Europal Cup 1990/91

Winners
- Overall/Winter: Franz Neuländtner

Competitions
- Venues: 18
- Individual: 18

= 1990–91 FIS Ski Jumping Europa Cup =

The 1990/91 FIS Ski Jumping Europa Cup was the 11th Europa Cup season in ski jumping.

== Calendar ==

=== Men ===

| EC | Season | Date | Place | Hill | Size | Winner | Second | Third |
|---|---|---|---|---|---|---|---|---|
|  | 1 |  | DEU Oberwiesenthal | Fichtelbergschanzen K90 | NH | AUT Franz Neuländtner | AUT Werner Schuster | DEU René Kummerlöw |
|  | 2 |  | FRA Chaux-Neuve | La Côté Feuillée K90 | NH | FRA Régis Bajard | SUI Sylvain Freiholz | NOR Knut Müller |
|  | 3 |  | SUI St. Moritz | Olympiaschanze K94 | NH | AUT Klaus Huber | SUI Stephan Zünd | AUT Werner Schuster |
|  | 4 |  | AUT St.

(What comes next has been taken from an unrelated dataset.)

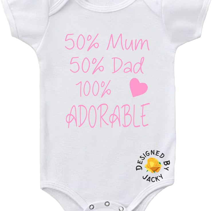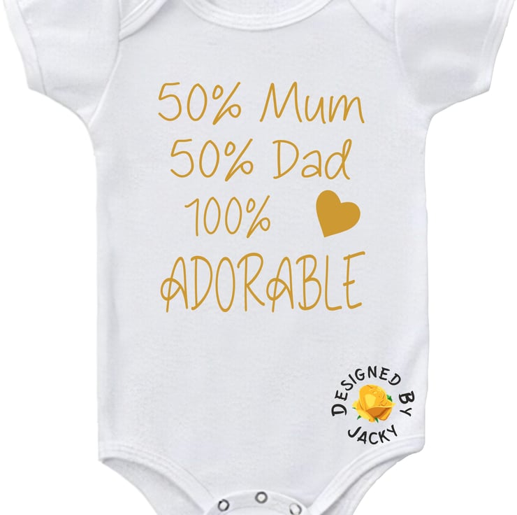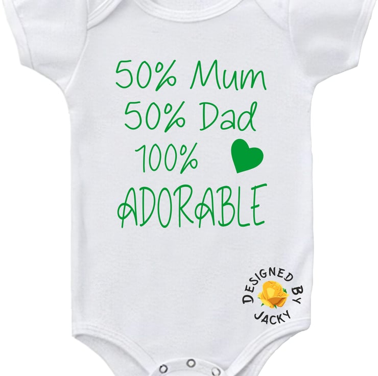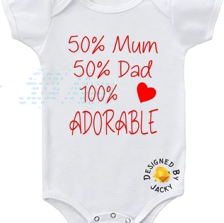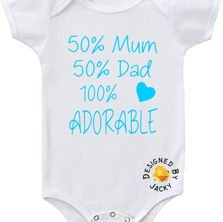 50% Mum 50% Dad 100% Adorable - funny baby vest from designed by Jacky. This item is made to order.

Aegyd | Klaushoferschanze K73 | NH | AUT Werner Rathmayr | AUT Andreas Rauschmeier | DEU Ingo Züchner |
|  | 5 |  | AUT Saalfelden | Bibergschanze K85 | NH | NOR Clas Brede Bråthen | DEU Ingo Züchner | DEU Norbert Hils |
|  | 6 |  | GER Ruhpolding | Große Zirmbergschanze K107 | LH | AUT Franz Neuländtner | NOR Clas Brede Bråthen | DEU Norbert Hils |
|  | 7 |  | SLO Planica | Srednja Bloudkova K90 | NH | AUT Franz Neuländtner | NOR Bernt Espen Kolsrud | AUT Oliver Strohmaier |
|  | 8 |  | TCH Harrachov | Ještěd A K120 | LH | AUT Franz Neuländtner | TCH František Jež | SUI Sylvain Freiholz |
|  | 9 |  | TCH Liberec | Čerťák K120 | LH | TCH František Jež | TCH Ladislav Dluhoš | TCH Pavel Ploc |
|  | 10 |  | ESP La Molina | Trampolín Albert Bofill Mosella K75 | NH | DEU Andreas Scherer | TCH Jiří Raška Jr. | AUT Klaus Huber |
|  | 11 |  | GER Willingen | Mühlenkopfschanze K120 | LH | GER Ralph Gebstedt | AUT Andreas Goldberger | TCH Peter Berger |
|  | 12 |  | AUT Seefeld in Tirol | Toni-Seelos-Olympiaschanze K70 | NH | FRA Régis Bajard | AUT Martin Höllwarth | AUT Franz Neuländtner |
|  | 13 |  | ITA Gallio | Trampolino di Pakstall K92 | NH | ITA Ivo Pertile | DEU Ingo Lesser | ITA Roberto Cecon |
|  | 14 |  | GER Titisee-Neustadt | Hochfirstschanze K112 | LH | AUT Werner Schuster | AUT Franz Neuländtner | DEU Andreas Scherer |
|  | 15 |  | GER Schönwald im Schwarzwald | Adlerschanzen Schönwald K84 | NH | AUT Werner Schuster | TCH David Jiroutek | DEU Ingo Lesser |
|  | 16 |  | POL Szczyrk | Skalite K85 | NH | AUT Franz Neuländtner | AUT Werner Rathmayr | TCH Tomáš Goder |
|  | 17 |  | FIN Kuusamo | Rukatunturi K120 | LH | SWE Staffan Tällberg | FIN Vesa Hakala | NOR Rune Olijnyk |
|  | 18 |  | FIN Rovaniemi | Ounasvaara K90 | NH | FIN Raimo Ylipulli | SWE Staffan Tällberg | FIN Vesa Hakala |

== Standings ==

=== Men ===
| Rank | after 18 events | Points |
| 1 | AUT Franz Neuländtner | 217 |
| 2 | AUT Werner Schuster | 115 |
| 3 | DEU Ingo Lesser | 93 |
| 4 | DEU Andreas Scherer | 83 |
| 5 | DEU Ingo Züchner | 78 |
| 6 | AUT Werner Rathmayr | 70 |
| 7 | DEU René Kummerlöw | 62 |
| 8 | FRA Régis Bajard | 56 |
| 9 | NOR Clas Brede Bråthen | 47 |
| 10 | TCH Tomáš Goder | 46 |

== Europa Cup vs. Continental Cup ==
This was originally last Europa Cup season and is also recognized as the first Continental Cup season by International Ski Federation although under this name began its first official season in 1993/94.